The brush holder (76) itself can swing in and out around the fulcrum (78) and can be switched and held between the operating position shown in the figure and the fertilizer discharge position that is largely separated from the outer peripheral surface of the roller.

In addition, (79) in Fig. 5 is a removable opening/closing cover (80).
), (80) is a feeding row) (17) is a pair of front and rear fertilizer outlets, (81) is a flow path switching shutter, and the fertilizer feeding mechanism (16) for deep fertilization has a , connect the flow hose (18) to the rear fertilizer outlet (80), attach the cap (82) to the front fertilizer outlet (80), and install the fertilizer delivery mechanism (1) for shallow layer fertilization.
In 6), you will set it in the opposite way. When discharging the fertilizer remaining in the hopper (13), the brush holder (76) is swung backward as described above, the shutter (81) is switched, and the cap (82) is
) is removed and the feed roll (15) is rotated. Further, (83) in FIG. 4 is a leakage net for removing fine fertilizer powder contained in the fed fertilizer, and (84) is a container for collecting the fine powder.

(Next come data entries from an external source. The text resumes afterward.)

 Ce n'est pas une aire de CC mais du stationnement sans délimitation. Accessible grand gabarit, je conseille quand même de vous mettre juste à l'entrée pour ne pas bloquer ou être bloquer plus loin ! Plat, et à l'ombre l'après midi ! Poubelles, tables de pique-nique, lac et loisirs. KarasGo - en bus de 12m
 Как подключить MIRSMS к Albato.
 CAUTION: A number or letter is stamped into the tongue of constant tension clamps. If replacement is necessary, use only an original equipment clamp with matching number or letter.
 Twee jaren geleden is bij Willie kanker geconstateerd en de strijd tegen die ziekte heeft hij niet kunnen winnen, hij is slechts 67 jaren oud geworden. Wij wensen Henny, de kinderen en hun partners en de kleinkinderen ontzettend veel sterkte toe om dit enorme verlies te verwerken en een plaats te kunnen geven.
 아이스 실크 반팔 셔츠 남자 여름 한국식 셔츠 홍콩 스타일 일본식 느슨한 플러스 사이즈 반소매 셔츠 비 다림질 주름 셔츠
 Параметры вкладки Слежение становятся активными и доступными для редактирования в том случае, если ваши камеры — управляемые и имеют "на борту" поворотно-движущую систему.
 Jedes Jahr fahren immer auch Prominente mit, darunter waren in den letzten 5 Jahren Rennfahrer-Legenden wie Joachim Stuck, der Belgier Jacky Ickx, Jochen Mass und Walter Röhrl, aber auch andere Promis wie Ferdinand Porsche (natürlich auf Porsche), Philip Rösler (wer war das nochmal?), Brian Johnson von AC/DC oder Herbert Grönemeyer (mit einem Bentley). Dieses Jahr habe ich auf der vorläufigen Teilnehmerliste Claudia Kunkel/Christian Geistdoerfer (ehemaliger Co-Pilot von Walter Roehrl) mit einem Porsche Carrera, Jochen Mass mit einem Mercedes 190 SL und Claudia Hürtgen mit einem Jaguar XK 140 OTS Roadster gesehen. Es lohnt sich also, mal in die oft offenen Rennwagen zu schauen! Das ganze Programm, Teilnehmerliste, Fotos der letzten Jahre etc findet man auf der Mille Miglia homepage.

Incidentally, although reference numerals are written in the claims section for convenient comparison with the drawings, the present invention is not limited to the structure shown in the accompanying drawings.

[Brief explanation of drawings]

The drawings show an embodiment of the fertilizer application device according to the present invention, in which FIG. 1 is a side view of the seedling planting section, FIG. 2 is a side view of the feeding roll drive structure, and FIG. Figure 4 is a vertical front view of the fertilizer feeding mechanism, Figure 5 is a vertical side view thereof, Figure 6 is a rear view of the brush holder, Figure 7 is a side view showing the operating part of the operating lever for adjusting the feeding amount, Figure 8 is a rear view;
FIG. 9 is a side view of the deep fertilization mechanism, and FIG. 10 is a cross-sectional plan view of a portion thereof. (15)---Feeding roll, (58a), (
58b) ...--- Feeding amount adjustment gear, (61a
) -----... 1st operating gear, (61b)...
-Second operating gear, (60)...operating shaft.

Claims (1)

[Claims] A feed-out roll (15) for shallow layer fertilization and a feed-out roll (15) for deep layer fertilization are coaxially arranged side by side, and a feed-out amount adjusting gear is provided for each feed-out roll (15), (15). (58a) and (58b), an operating shaft (60) equipped with a first operating gear (61a) and a second operating gear (61b) that can engage with each other is disposed parallel to the group of feeding rolls, and The first gear (61a) meshes with the feed-out amount adjustment gear (58a) of the feed-out roll (15) for shallow layer fertilization.
The adjustment state and the second operating gear (61b) are the feed-out amount adjusting gear (58b) of the feed-out roll (15) for deep fertilization.
), and the first and second operating gears (
61a) and (61b) are not all engaged, the operating shaft (60) is configured to be slidable in a neutral state.